34
Wybiła godzina 16:00, 5 minut później przyjechał Jungkook, a ja ubrałam się i lekko pomalowałam
- Powiecie mi w końcu co się cholera dzieję? - zapytałam wsiadając do auta i zajmując miejsce obok Tae i Jimina
- Narazie nie, dowiesz się w swoim czasie - oznajmił Suga
Dojechaliśmy pod salę treningową, szofer zaparkował auto na parkingu a ja wysiadłam za Jiminem.

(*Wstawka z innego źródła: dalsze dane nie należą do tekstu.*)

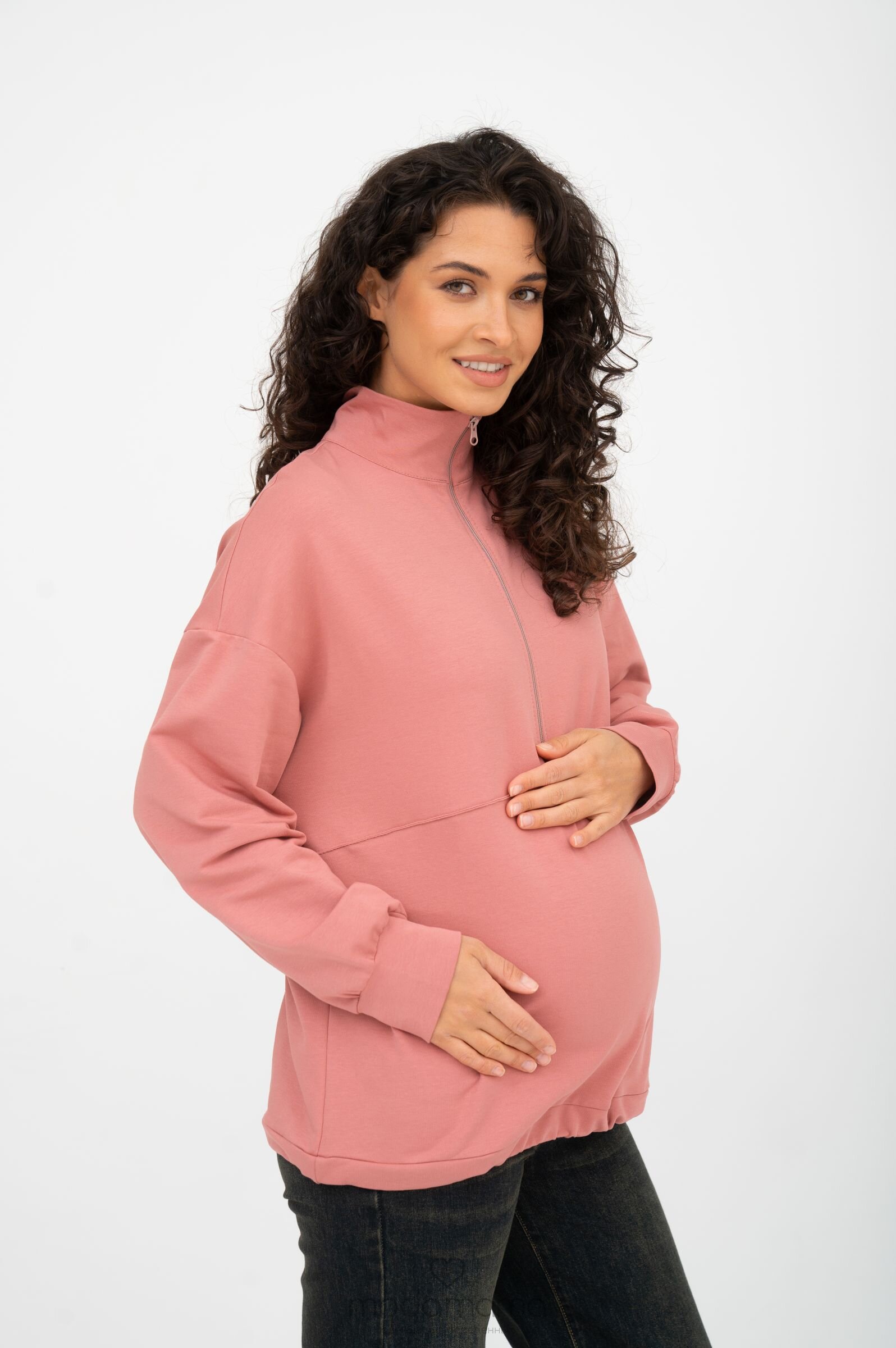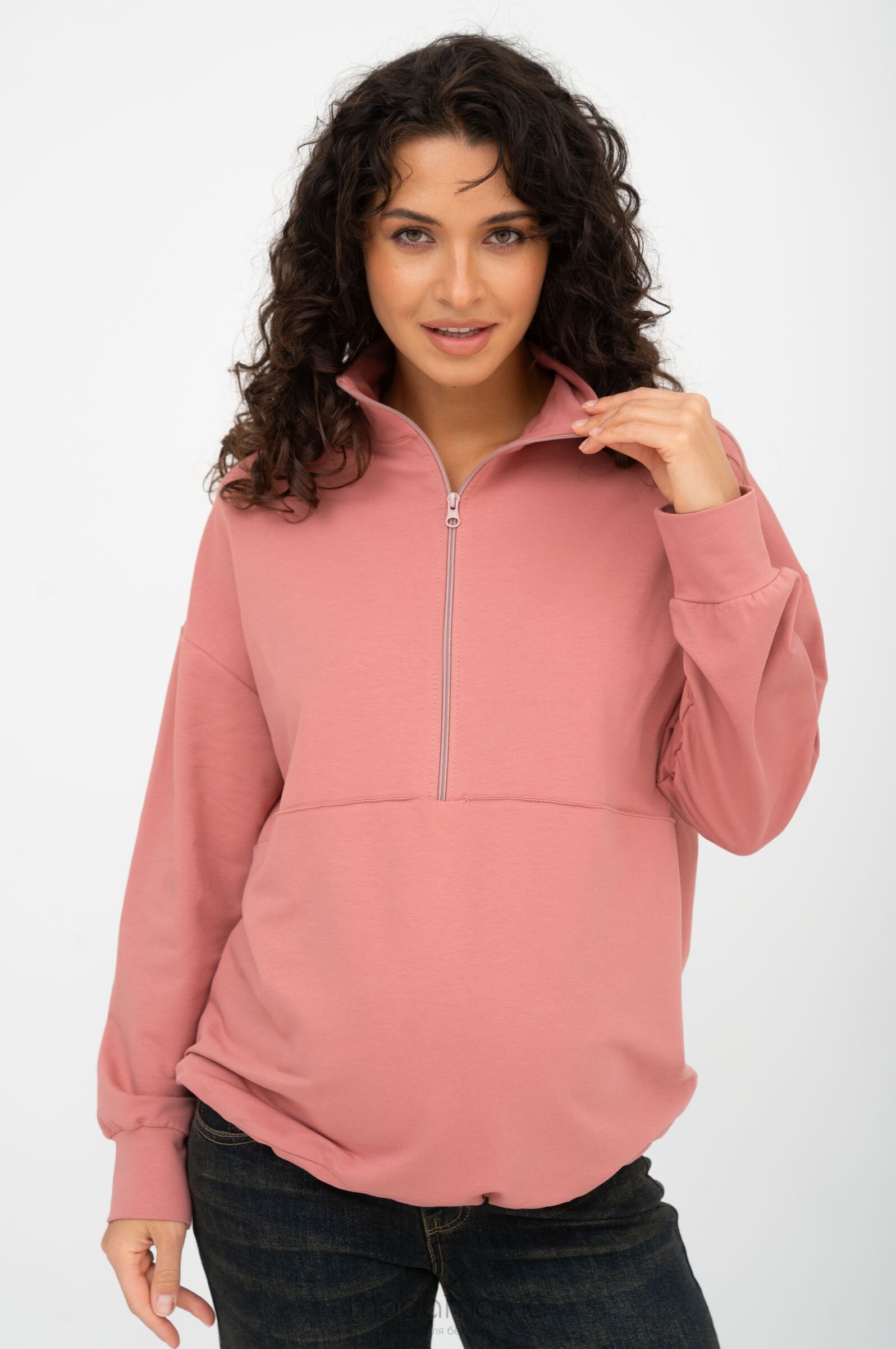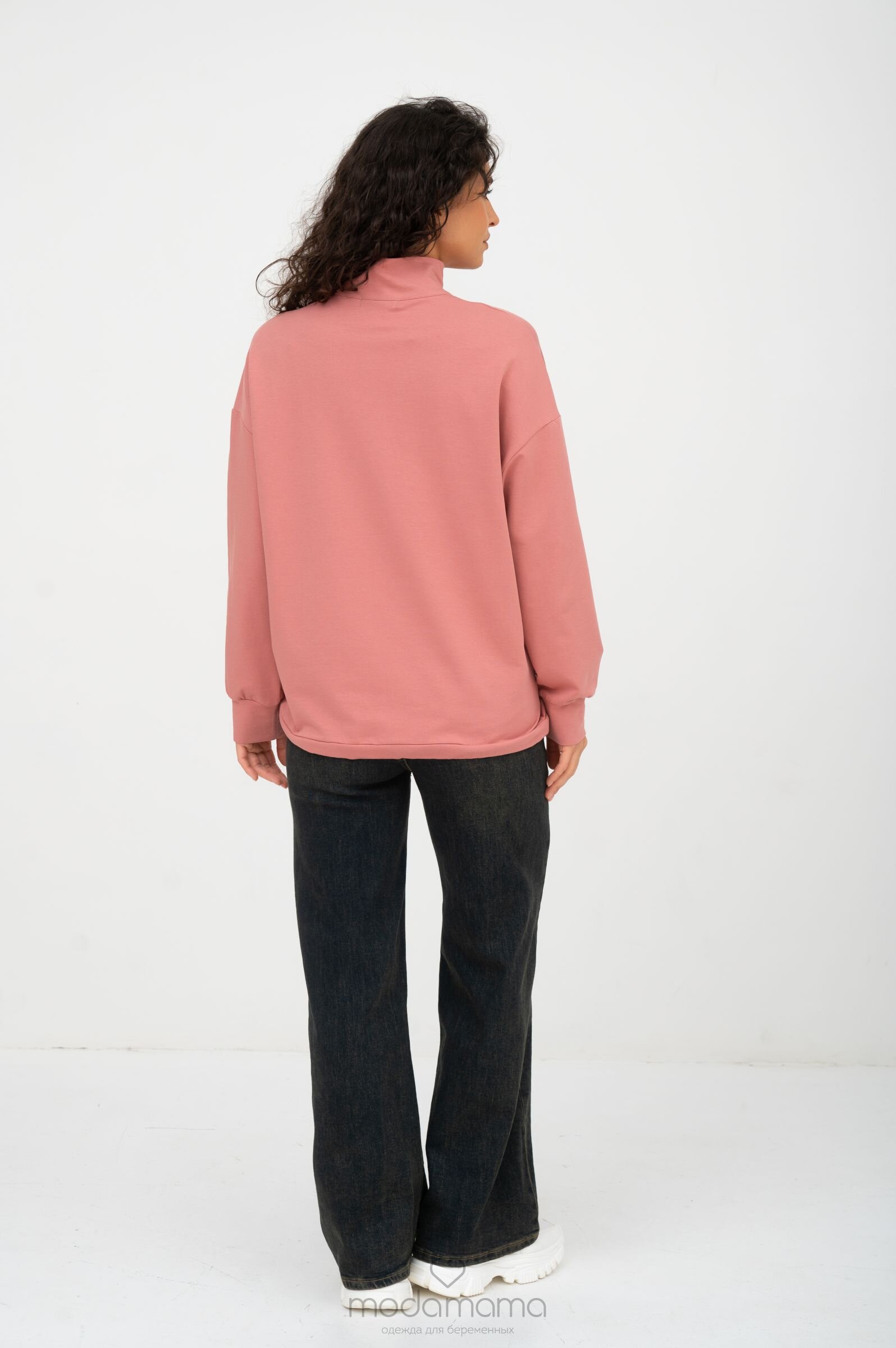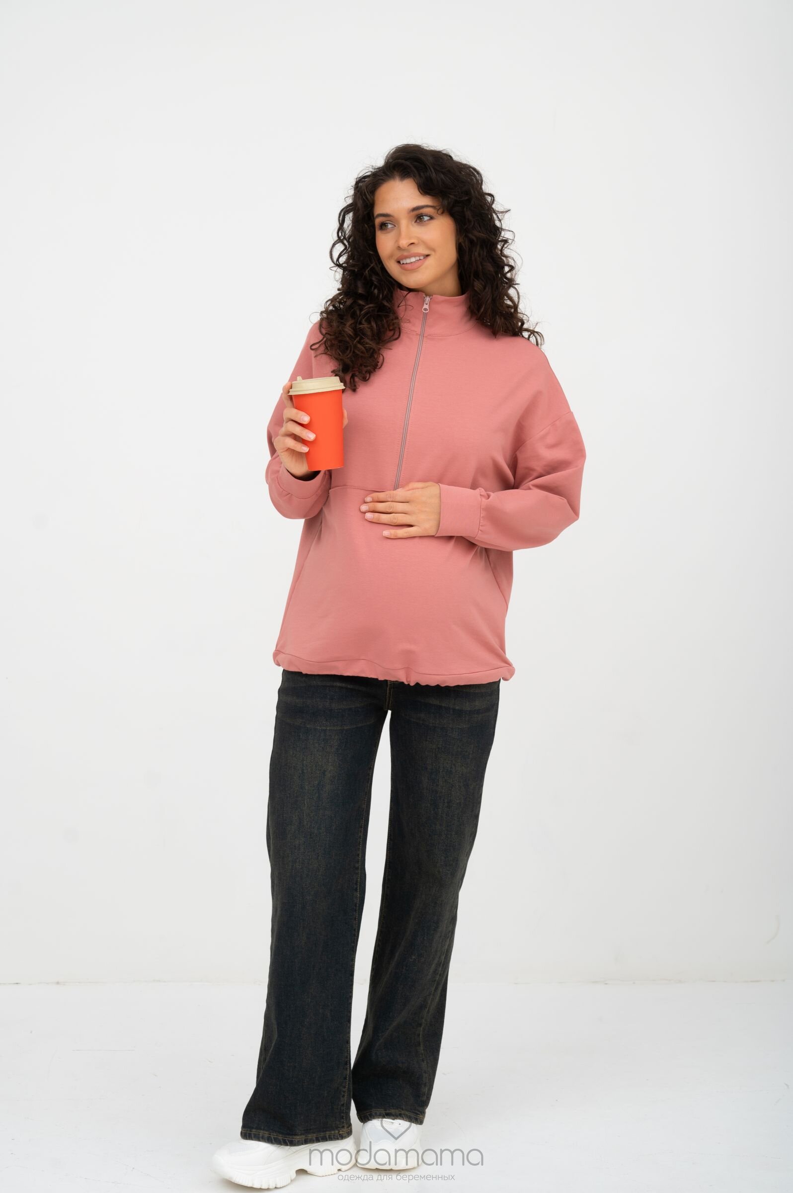Джемпер для беременных и кормящих мам с акцентной горизонтальной строчкой, резинкой-утяжкой по нижней части и воротником-стойкой на молнии. Выполнен из мягкого, эластичного трикотажа (футер 2-нитка).

Drzwi od sali otwarł mi RM. Kiedy przez nie przechodziłam na plecach czułam dziwne ciarki. Na sali było ciemno a obok mnie nie było Jeon'a.
- Boje się - szepnęłam do Jin'a
- Nie masz czego - odparł
- Owszem, mam - zaśmiałam się
Przede mną pojawił się Kook i chwycił mnie za lewą rękę. Po około minucie zapaliło się światło a na sali byli obecni wszyscy pracownicy Big Hit'u. Na suficie wisiały serpentyny i balony, a na ścianie był zawieszony baner z napisem:
"Niespodzianka"
- Co? Jaka niespodzianka? - zapytałam zdziwiona
- Będziesz naszą główną tancerką na koncercie w Los Angeles - oznajmił Jungkook
- Co?! - krzyknęłam
- Cieszysz się? - zapytał RM
- Jeszcze się pytasz? Ja... nie wiem co powiedzieć, serio...
- Tańczysz z nami do Boy With Luv- powiedział Jimin
- Jejku, dziękuje wam z całego serca - przytuliłam wszystkich po kolei - Ale jest jeden problem...
- Jaki?- zapytli chórkiem przerażeni
- Ja nie umiem tego tańczyć. Nie nauczę sie w dwa tygodnie...
- Oj nauczysz, nauczysz. Wierzymy w Ciebie - odpowiedział Jin
- Dziękuję jeszcze raz - dodałam
- A więc tak, bierzemy się za próbę. Dzisiaj akurat BWL więc ćwiczysz z nami Poluniu - zaśmiali się
Weszliśmy na parkiet i chłopacy zaczęli uczyć mnie pierwszych kroków.
***
Próba trwa już trzecią godzinę. Myślę, że kroki wychodzą mi jak na pierwszy dzień, całkiem okej.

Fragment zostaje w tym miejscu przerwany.